Irrespective of the cause, error mechanisms cause one of two effects. There are large isolated corruptions, called error bursts, where numerous bits are corrupted all together in an area which is otherwise error free, and there are random errors affecting single bits or symbols. Whatever the mechanism, the result will be that the received data will not be exactly the same as those sent. It is a tremendous advantage of digital systems that the discrete data bits will be each either right or wrong. A bit cannot be off-colour as it can only be interpreted as 0 or 1. Thus the subtle degradations of analog systems are absent from digital recording and transmission channels and will only be found in convertors. Equally if a binary digit is known to be wrong, it is only necessary to invert its state and then it must be right and indistinguishable from its original value!
Some conclusions can be drawn from the Gaussian distribution of noise.2 First, it is not possible to make error-free digital recordings, because however high the signal-to-noise ratio of the recording, there is still a small but finite chance that the noise can exceed the signal. Measuring the signal-to-noise ratio of a channel establishes the noise power, which determines the width of the noise distribution curve relative to the signal amplitude.
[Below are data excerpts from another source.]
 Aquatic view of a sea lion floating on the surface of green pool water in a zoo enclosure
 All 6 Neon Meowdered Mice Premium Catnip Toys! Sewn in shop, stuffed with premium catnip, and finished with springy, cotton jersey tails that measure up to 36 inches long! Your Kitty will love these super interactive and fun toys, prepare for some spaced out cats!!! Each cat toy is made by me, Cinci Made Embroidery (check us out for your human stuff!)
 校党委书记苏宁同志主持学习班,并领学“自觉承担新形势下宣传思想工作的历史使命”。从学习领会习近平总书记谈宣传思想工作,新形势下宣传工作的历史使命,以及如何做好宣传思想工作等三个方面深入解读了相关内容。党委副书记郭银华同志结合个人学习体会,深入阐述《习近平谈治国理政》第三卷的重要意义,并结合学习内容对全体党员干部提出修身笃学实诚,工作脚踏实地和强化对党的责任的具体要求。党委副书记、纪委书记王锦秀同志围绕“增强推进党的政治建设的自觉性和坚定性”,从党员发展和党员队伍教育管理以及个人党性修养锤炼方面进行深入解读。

When in a binary system the noise amplitude exceeds the signal amplitude, but with the opposite polarity, a bit error will occur. Knowledge of the shape of the Gaussian curve allows the conversion of signal-to-noise ratio into bit error rate (BER). It can be predicted how many bits will fail due to noise in a given recording, but it is not possible to say which bits will be affected. Increasing the SNR of the channel will not eliminate errors, it just reduces their probability. The logical solution is to incorporate an error-correction system.
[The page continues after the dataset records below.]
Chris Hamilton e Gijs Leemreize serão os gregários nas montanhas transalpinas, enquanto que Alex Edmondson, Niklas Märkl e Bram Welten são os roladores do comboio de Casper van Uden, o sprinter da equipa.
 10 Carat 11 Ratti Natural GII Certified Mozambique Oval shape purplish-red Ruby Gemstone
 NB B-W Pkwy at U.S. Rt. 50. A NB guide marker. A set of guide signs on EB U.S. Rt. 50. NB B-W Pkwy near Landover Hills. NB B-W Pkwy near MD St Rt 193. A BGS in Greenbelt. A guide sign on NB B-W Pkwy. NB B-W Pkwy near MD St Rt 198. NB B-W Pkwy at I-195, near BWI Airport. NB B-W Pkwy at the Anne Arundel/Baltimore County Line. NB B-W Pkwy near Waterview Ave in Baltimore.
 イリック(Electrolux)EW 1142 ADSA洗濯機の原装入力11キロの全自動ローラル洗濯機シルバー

Figure 1.21 shows that error correction works by adding some bits to the data which are calculated from the data. This creates an entity called a codeword which spans a greater length of time than one bit alone. The statistics of noise mean that whilst one bit may be lost in a codeword, the loss of the rest of the codeword because of noise is highly improbable. As will be described later in this chapter, codewords are designed to be able totally to correct a finite number of corrupted bits. The greater the timespan over which the coding is performed, or, on a recording medium, the greater area over which the coding is performed, the greater will be the reliability achieved, although this does mean a greater encoding and decoding delay.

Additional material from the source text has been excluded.